Pictures excluded, reproduce exactly the lines below from the one with "Neste mapa, os" through the one with "If you can afford", both included.

= Extracted data =
━━━━
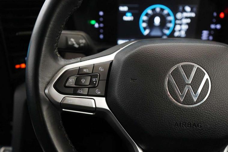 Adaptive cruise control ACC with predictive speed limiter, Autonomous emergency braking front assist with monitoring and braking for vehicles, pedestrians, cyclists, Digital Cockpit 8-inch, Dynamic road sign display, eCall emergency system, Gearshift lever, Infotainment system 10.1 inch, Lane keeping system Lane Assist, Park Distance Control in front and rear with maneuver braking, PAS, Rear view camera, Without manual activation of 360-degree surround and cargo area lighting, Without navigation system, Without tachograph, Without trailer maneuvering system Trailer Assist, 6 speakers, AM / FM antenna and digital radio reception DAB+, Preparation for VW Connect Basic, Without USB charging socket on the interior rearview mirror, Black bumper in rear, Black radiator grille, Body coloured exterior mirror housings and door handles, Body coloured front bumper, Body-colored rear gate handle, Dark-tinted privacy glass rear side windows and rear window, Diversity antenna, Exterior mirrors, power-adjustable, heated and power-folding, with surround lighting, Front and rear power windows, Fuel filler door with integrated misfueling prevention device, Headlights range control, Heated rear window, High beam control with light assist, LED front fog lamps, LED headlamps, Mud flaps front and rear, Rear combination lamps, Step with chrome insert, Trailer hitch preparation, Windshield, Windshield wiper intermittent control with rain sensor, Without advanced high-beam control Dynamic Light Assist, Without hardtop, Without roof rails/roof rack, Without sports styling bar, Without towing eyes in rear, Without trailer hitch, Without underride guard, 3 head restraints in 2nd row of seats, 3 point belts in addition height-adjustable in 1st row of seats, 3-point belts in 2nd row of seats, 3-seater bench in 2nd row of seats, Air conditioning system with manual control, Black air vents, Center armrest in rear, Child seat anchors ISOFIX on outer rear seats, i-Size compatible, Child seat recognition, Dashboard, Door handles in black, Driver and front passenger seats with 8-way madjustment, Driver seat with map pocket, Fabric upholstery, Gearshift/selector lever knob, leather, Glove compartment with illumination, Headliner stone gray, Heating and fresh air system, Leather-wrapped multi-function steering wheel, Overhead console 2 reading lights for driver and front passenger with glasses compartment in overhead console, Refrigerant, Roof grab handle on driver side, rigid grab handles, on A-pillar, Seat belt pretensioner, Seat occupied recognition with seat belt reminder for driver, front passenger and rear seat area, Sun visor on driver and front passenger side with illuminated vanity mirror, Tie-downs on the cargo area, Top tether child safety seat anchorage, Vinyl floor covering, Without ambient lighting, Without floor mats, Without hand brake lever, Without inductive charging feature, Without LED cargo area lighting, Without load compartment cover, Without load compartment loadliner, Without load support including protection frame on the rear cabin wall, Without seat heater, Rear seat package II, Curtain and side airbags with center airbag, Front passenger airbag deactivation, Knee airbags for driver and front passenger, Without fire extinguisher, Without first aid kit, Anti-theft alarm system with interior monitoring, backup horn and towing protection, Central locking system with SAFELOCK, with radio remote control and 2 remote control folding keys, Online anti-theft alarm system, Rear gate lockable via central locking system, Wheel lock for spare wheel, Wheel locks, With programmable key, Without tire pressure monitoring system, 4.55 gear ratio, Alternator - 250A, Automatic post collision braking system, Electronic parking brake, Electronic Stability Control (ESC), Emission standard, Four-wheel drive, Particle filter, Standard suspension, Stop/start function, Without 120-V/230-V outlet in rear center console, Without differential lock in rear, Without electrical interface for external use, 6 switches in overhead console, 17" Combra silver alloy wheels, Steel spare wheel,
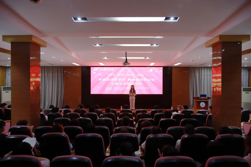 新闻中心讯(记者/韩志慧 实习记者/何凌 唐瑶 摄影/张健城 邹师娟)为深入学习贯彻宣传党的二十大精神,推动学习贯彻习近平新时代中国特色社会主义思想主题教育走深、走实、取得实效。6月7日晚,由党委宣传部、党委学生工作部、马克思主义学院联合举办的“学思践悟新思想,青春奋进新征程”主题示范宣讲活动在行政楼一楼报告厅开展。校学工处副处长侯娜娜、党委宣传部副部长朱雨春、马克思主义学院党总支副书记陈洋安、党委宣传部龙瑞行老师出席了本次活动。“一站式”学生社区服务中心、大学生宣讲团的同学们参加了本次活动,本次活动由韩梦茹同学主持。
━━━━
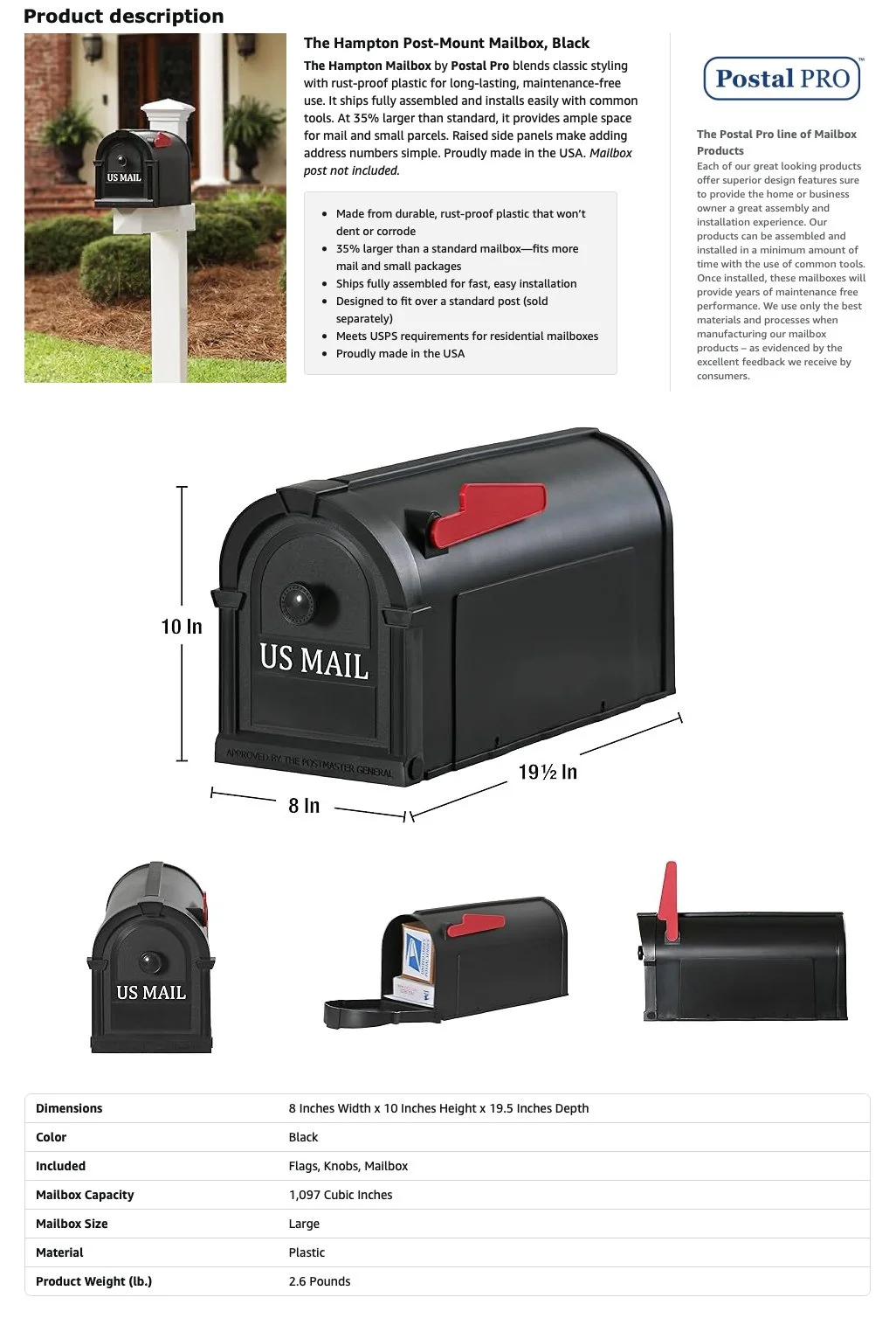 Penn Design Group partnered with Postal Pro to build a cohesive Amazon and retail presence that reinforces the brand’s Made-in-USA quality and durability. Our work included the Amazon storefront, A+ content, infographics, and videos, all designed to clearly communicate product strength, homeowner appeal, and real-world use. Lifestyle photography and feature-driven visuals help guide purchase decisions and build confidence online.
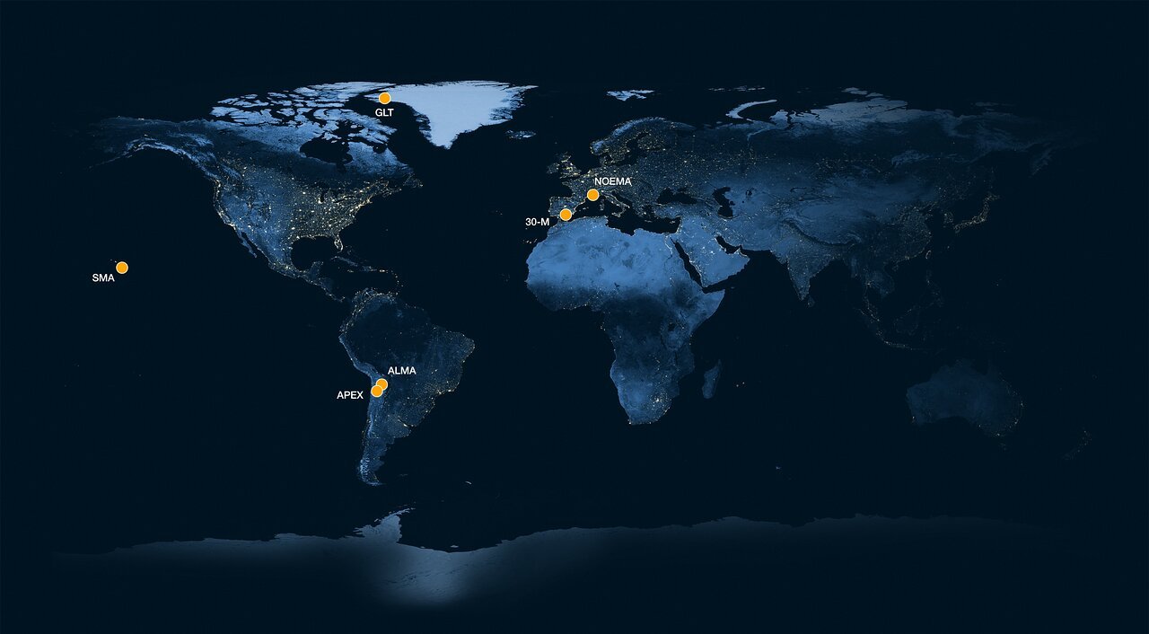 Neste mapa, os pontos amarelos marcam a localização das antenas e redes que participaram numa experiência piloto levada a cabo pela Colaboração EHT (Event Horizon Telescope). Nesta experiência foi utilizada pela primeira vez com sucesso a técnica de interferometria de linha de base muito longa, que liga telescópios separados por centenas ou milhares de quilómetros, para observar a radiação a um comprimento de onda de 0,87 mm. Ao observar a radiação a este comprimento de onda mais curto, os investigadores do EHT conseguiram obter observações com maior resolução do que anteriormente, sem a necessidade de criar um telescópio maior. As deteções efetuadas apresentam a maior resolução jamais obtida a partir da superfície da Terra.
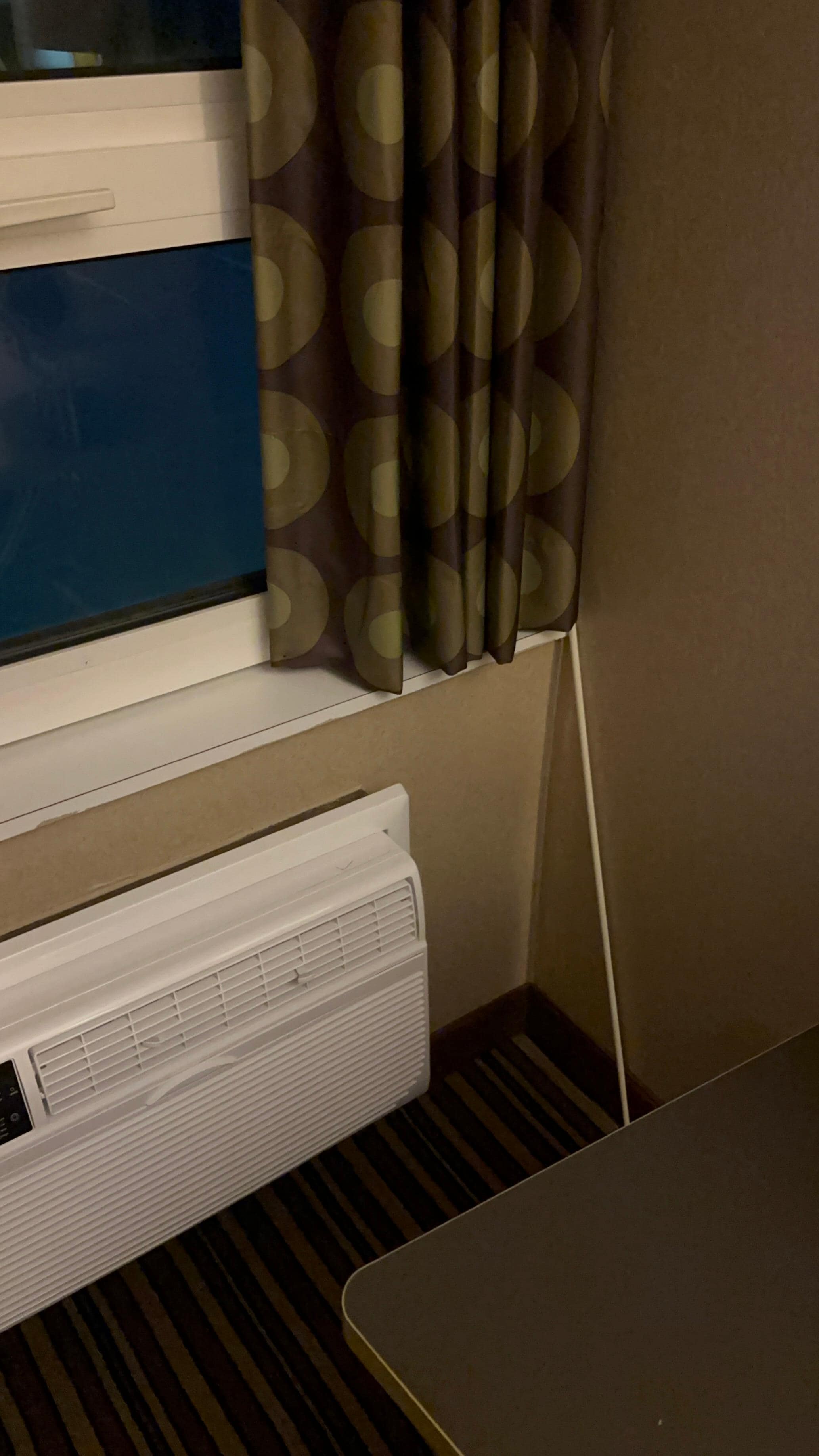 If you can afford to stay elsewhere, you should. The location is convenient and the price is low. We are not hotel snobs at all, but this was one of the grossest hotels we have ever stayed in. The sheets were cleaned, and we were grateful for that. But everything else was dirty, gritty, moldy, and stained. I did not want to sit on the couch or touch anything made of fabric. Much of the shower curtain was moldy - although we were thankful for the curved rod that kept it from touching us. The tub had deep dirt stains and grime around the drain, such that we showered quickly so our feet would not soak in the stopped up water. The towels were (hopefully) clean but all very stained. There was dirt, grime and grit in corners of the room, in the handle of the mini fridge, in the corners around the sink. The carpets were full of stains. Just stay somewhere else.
━━━━
= Solution to this task =
 Neste mapa, os pontos amarelos marcam a localização das antenas e redes que participaram numa experiência piloto levada a cabo pela Colaboração EHT (Event Horizon Telescope). Nesta experiência foi utilizada pela primeira vez com sucesso a técnica de interferometria de linha de base muito longa, que liga telescópios separados por centenas ou milhares de quilómetros, para observar a radiação a um comprimento de onda de 0,87 mm. Ao observar a radiação a este comprimento de onda mais curto, os investigadores do EHT conseguiram obter observações com maior resolução do que anteriormente, sem a necessidade de criar um telescópio maior. As deteções efetuadas apresentam a maior resolução jamais obtida a partir da superfície da Terra.
 If you can afford to stay elsewhere, you should. The location is convenient and the price is low. We are not hotel snobs at all, but this was one of the grossest hotels we have ever stayed in. The sheets were cleaned, and we were grateful for that. But everything else was dirty, gritty, moldy, and stained. I did not want to sit on the couch or touch anything made of fabric. Much of the shower curtain was moldy - although we were thankful for the curved rod that kept it from touching us. The tub had deep dirt stains and grime around the drain, such that we showered quickly so our feet would not soak in the stopped up water. The towels were (hopefully) clean but all very stained. There was dirt, grime and grit in corners of the room, in the handle of the mini fridge, in the corners around the sink. The carpets were full of stains. Just stay somewhere else.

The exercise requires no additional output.